As Dan Gilbert, the author of the bestselling book “Stumbling on Happiness” famously said, people have a wonderful skill to synthesize happiness: to actively find reasons to be happy even in suboptimal circumstances (as also mentioned in our article “The Only Justice in the World”).
This os also why some people are much happier in marriage than others — they can just actively search for reasons to appreciate their partner despite their shortcomings.
If you want to have better results than others, you need to have a different approach than others. As a matter of fact, most people are, to some extent, unhappy about their work. As Thoreau famously called it, they live in quiet desperation.
But those who do well in their professional lives, usually like their work. But what was first — the hen or the egg? Did they happen to find an ideal workplace by chance, or perhaps, they put some active effort into finding reasons to become happy employees as well?
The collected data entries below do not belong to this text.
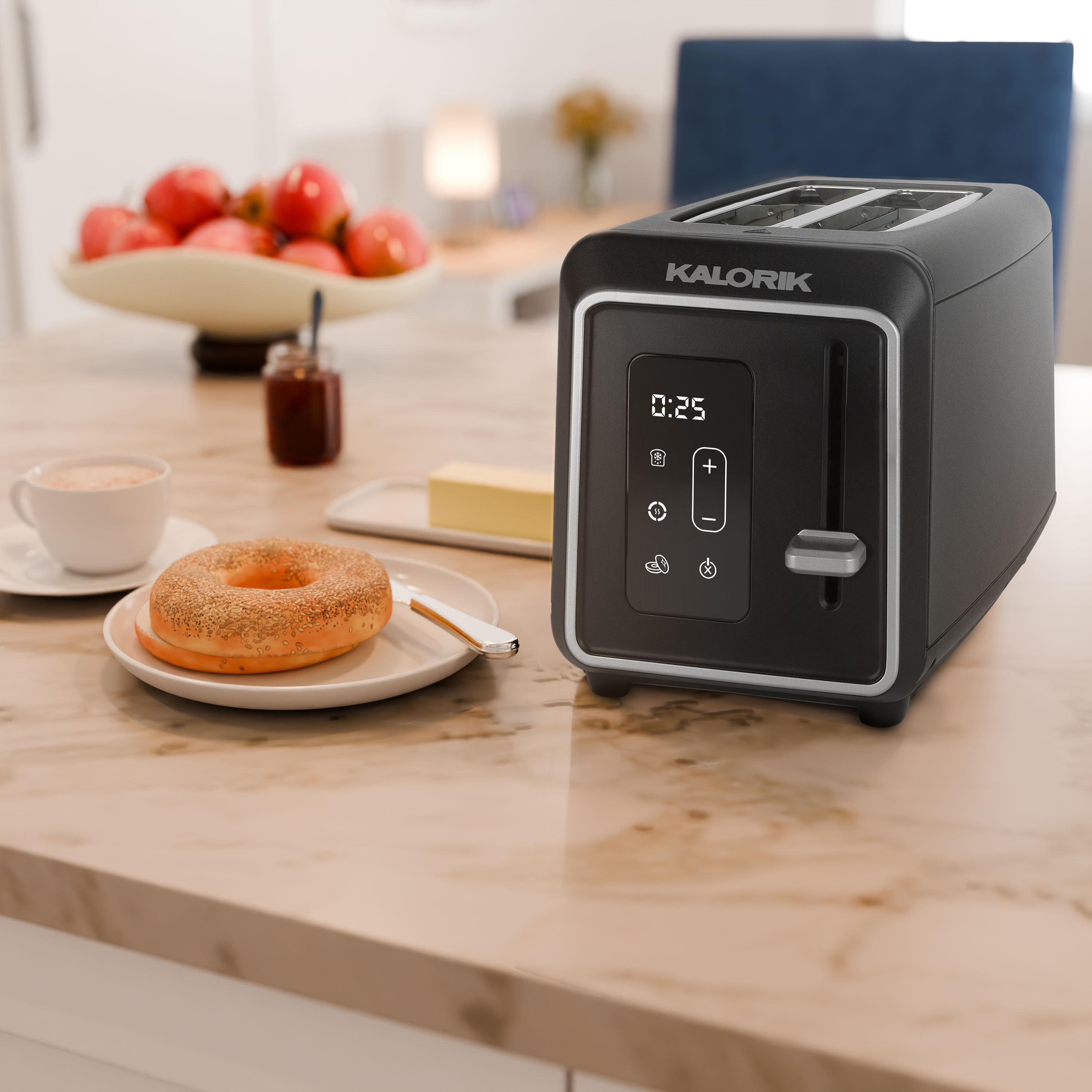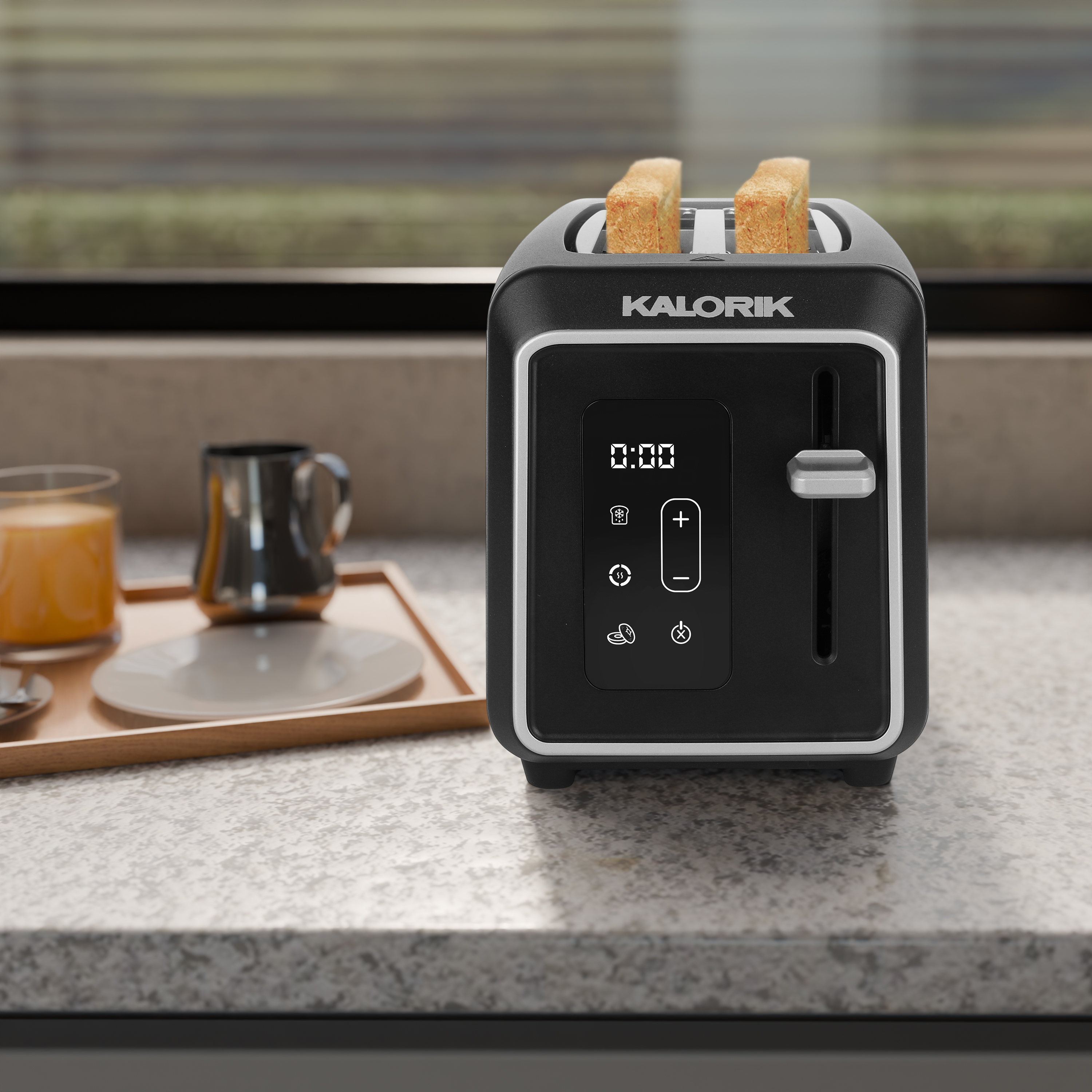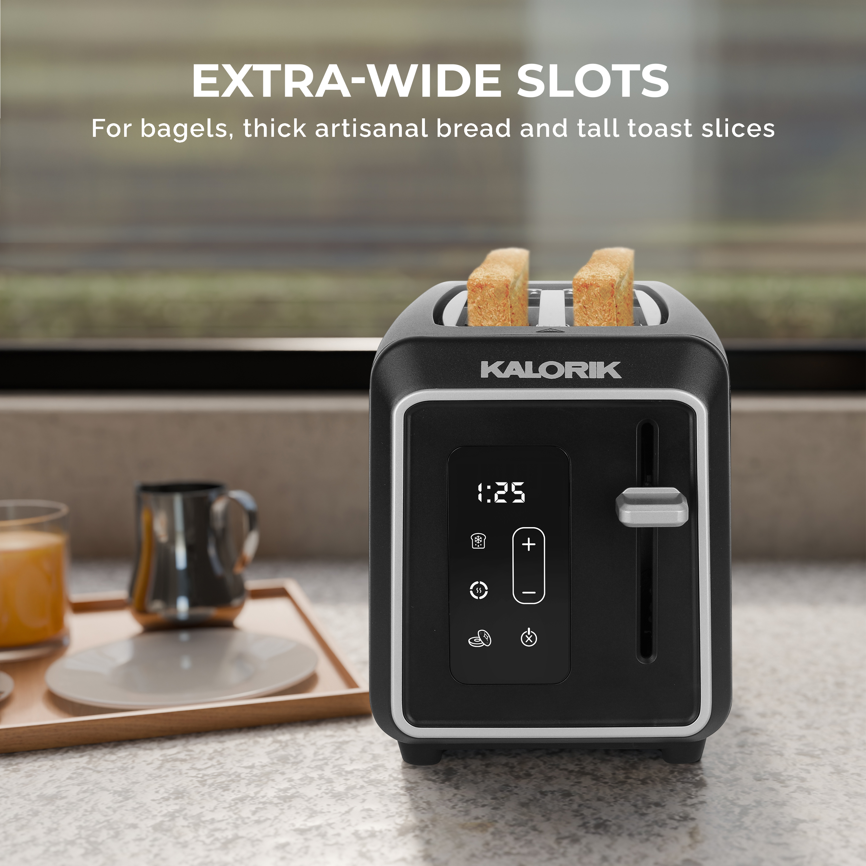 | Long Description | Introducing the Kalorik Designer Series Digital 2-Slice Toaster, where superior cooking meets sleek design. This elegant black toaster with silver accents is not just a stylish addition to your countertop, but multi-functional for various breads and frozen items. With a user-friendly touchscreen LED display and 6 adjustable shade settings, this toaster lets you customize your toast to your preference. The digital countdown timer takes the guesswork out of your morning routine. The extra-wide slots are designed to accommodate a variety of bread types with ease, from thick, hearty slices of artisanal breads to thick-sliced bagels, ensuring that no matter the size or shape, your breakfast options are always perfectly toasted. Never worry about crumbs cluttering your kitchen again with the convenient slide-out crumb tray that makes cleanup effortless. The high-lift lever makes for easy toast retrieval, while the Defrost, Reheat, Bagel, and Cancel functions provide versatility for all your toasting needs. With 850 watts of power, this toaster delivers fast and even browning every time. Designed for convenience, the Kalorik Designer Series Digital 2-Slice Toaster also features a convenient cord wrap to keep your kitchen organized and maximize counter space. Elevate your morning routine with this versatile toaster that combines exceptional culinary performance with everyday practicality. |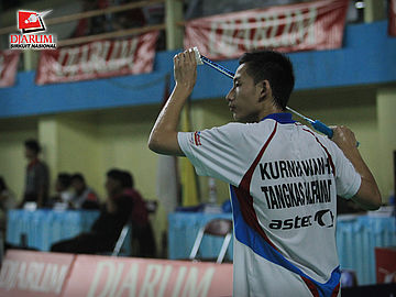 Hardianto Kurniawan (Tangkas Alfamart) siap-siap memberikan serve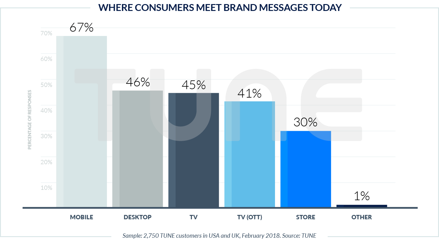 That’s reflected in our recent survey of 2,750 consumers in North America and Western Europe; 67% of respondents said they mostly see brand messages on their phones or tablets.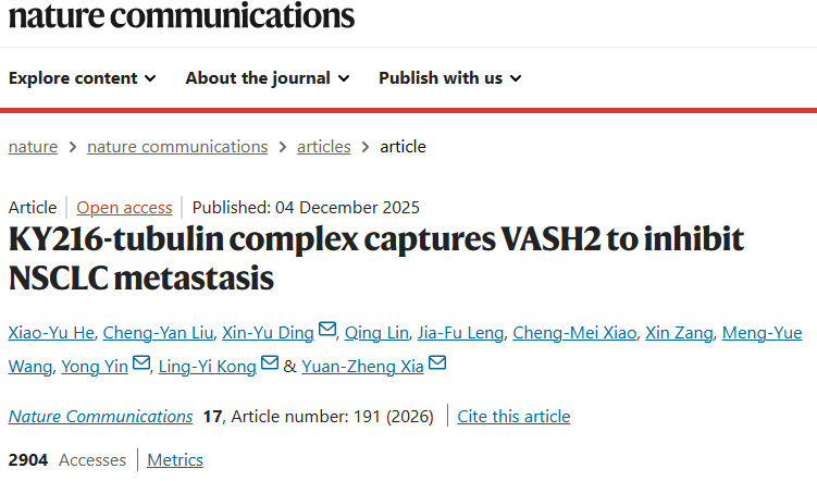KY216-tubulin complex captures VASH2 to inhibit NSCLC metastasis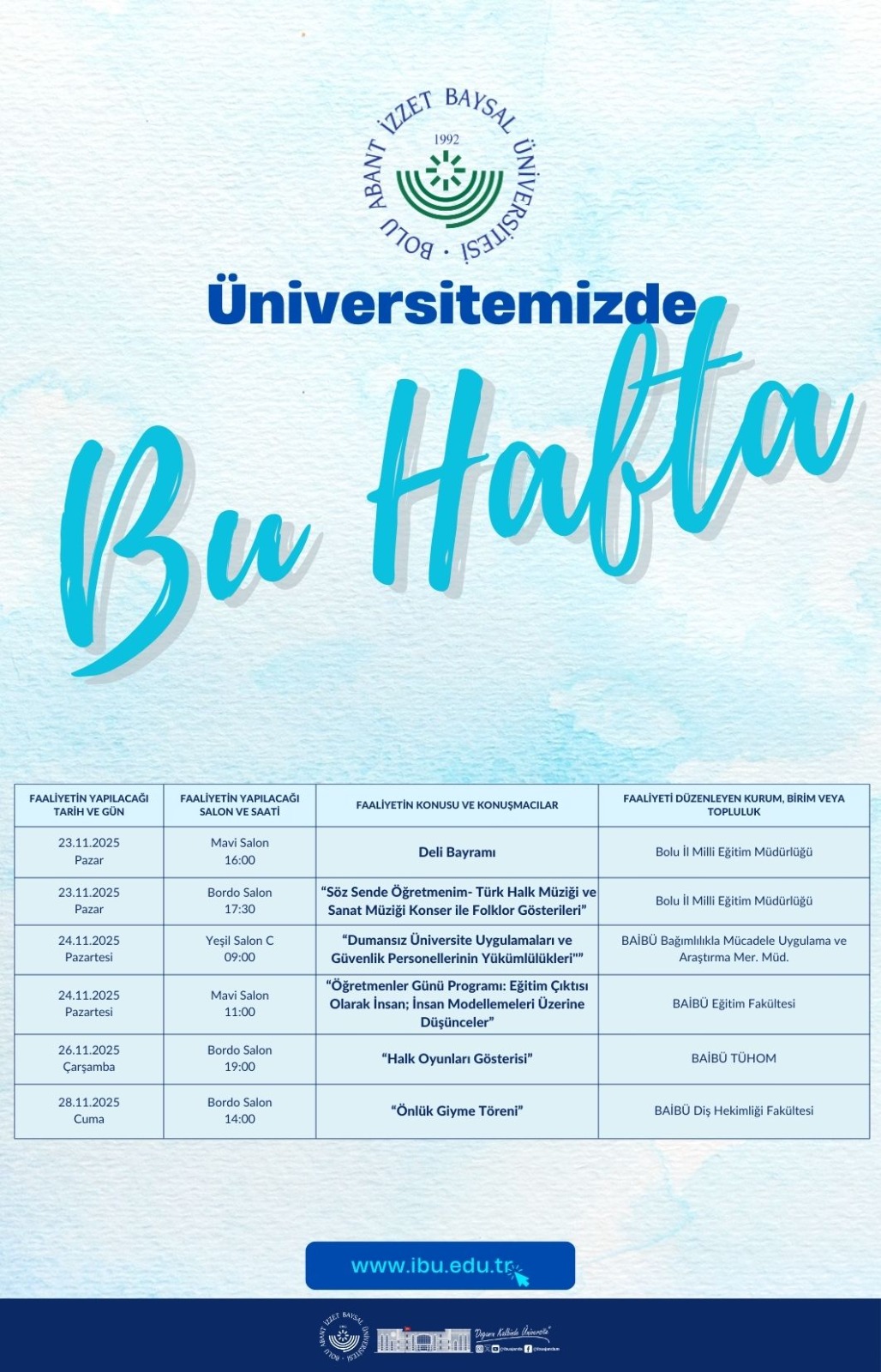 BAİBÜ Kültür ve Kongre Merkezi’nde Bu Hafta 17 Kasım 2025 Haftalık-Aylık-Yıllık Etkinlik Takvimi için : Tıklayınız Mevcut makalenin kısa URL'si : https://ajanda.ibu.edu.tr/5mn4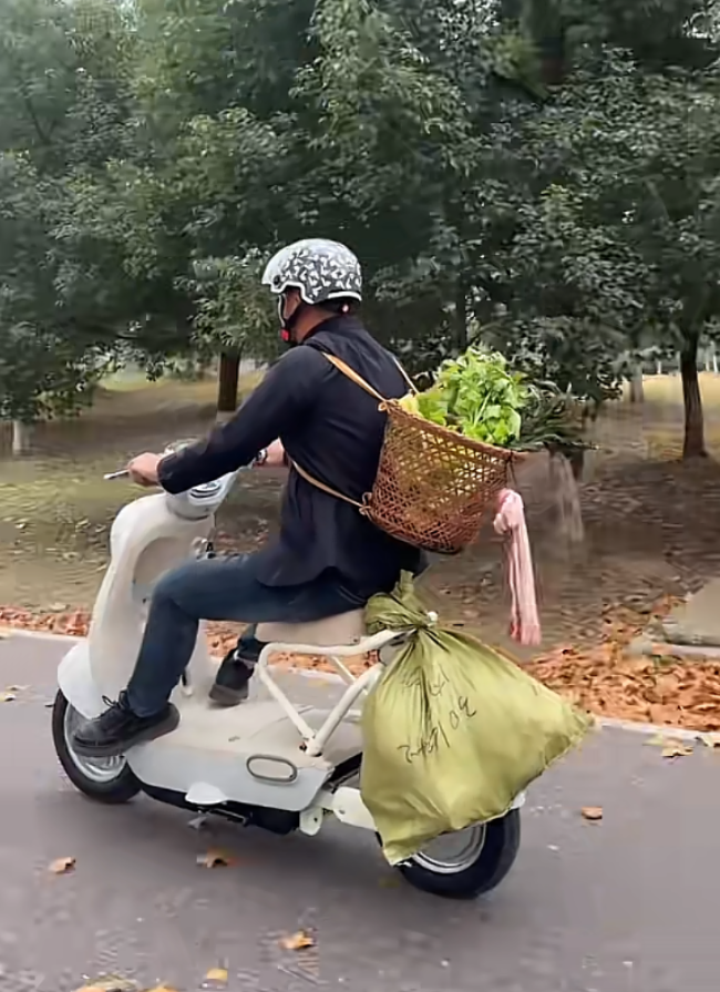 至于新国标电动车带东西的需求,有网友发的抽象视频显示,他自己背了一个菜篮,电动车尾部还绑了一个麻袋,也算勉强解决了新国标车载物的难题。
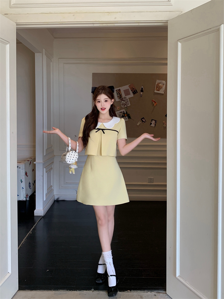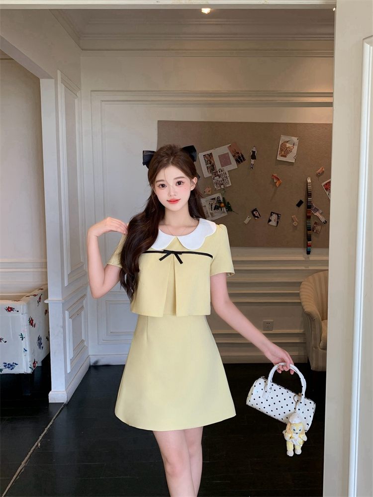 BY17341# 黄色小香风甜美圆领短袖连衣裙女夏季新款名媛气质假两件a字短裙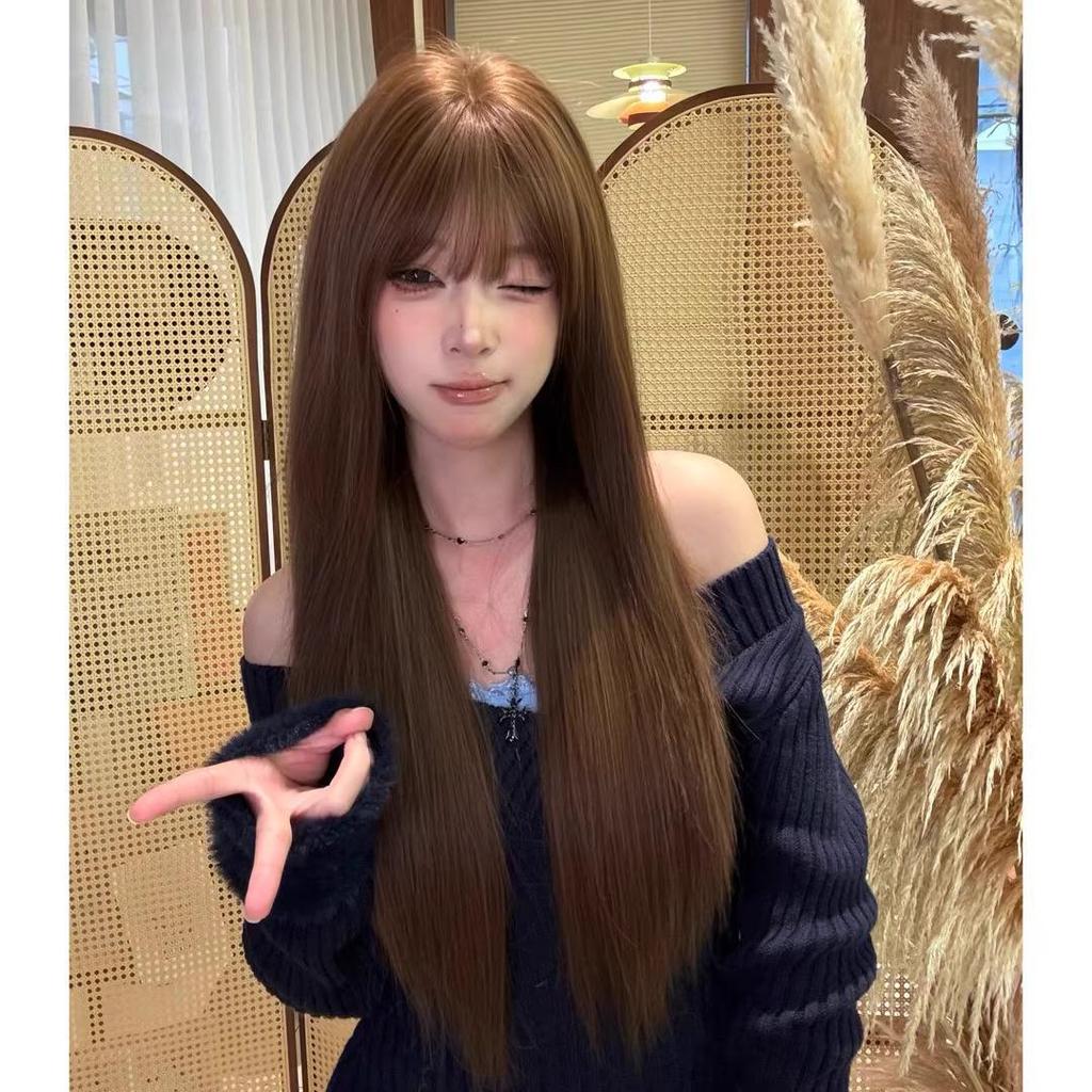 Gu Zao Baby Warm Chestnut Brown Long Straight Bangs Wig - Realistic & Fluffy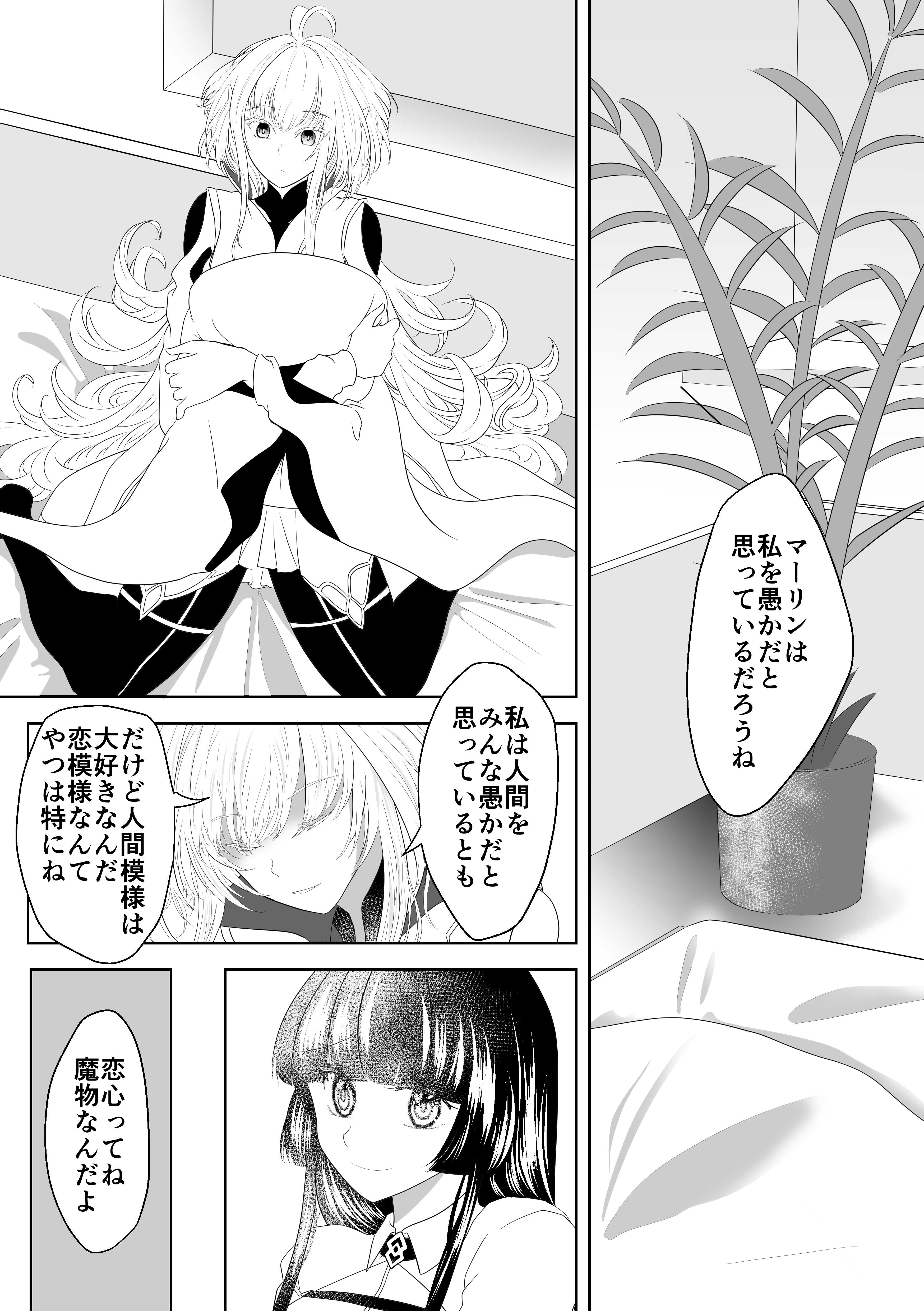 最初の台詞はプロトマーリンに言ってるしプロトマーリンも自分はって返事してますが、イコールマーリンも同じだろうなと双方思ってますし最後の台詞も男女共通見解です。

Besides, people use to sense the sentiment towards them. If you have a transactional attitude at work, why would you expect your employer to develop any other attitude towards you? People tend to mirror the attitude of others. Once you are transactional, your boss will be transactional towards you as well.
How To Help Your Boss Become Better At Work.
As mentioned before, few people were born natural managers — most people need to learn the art of becoming a good boss all by themselves. Help them! First, it is good to realize that nobody wants their employees to feel unwell at work. There are no psychopaths out there who would push the button “make your employee feel unwell” if they could.
So, show your boss some understanding. Your manager also has pressure for results from managers over them. You can mention once in a while that you understand the position they are in. They will be grateful!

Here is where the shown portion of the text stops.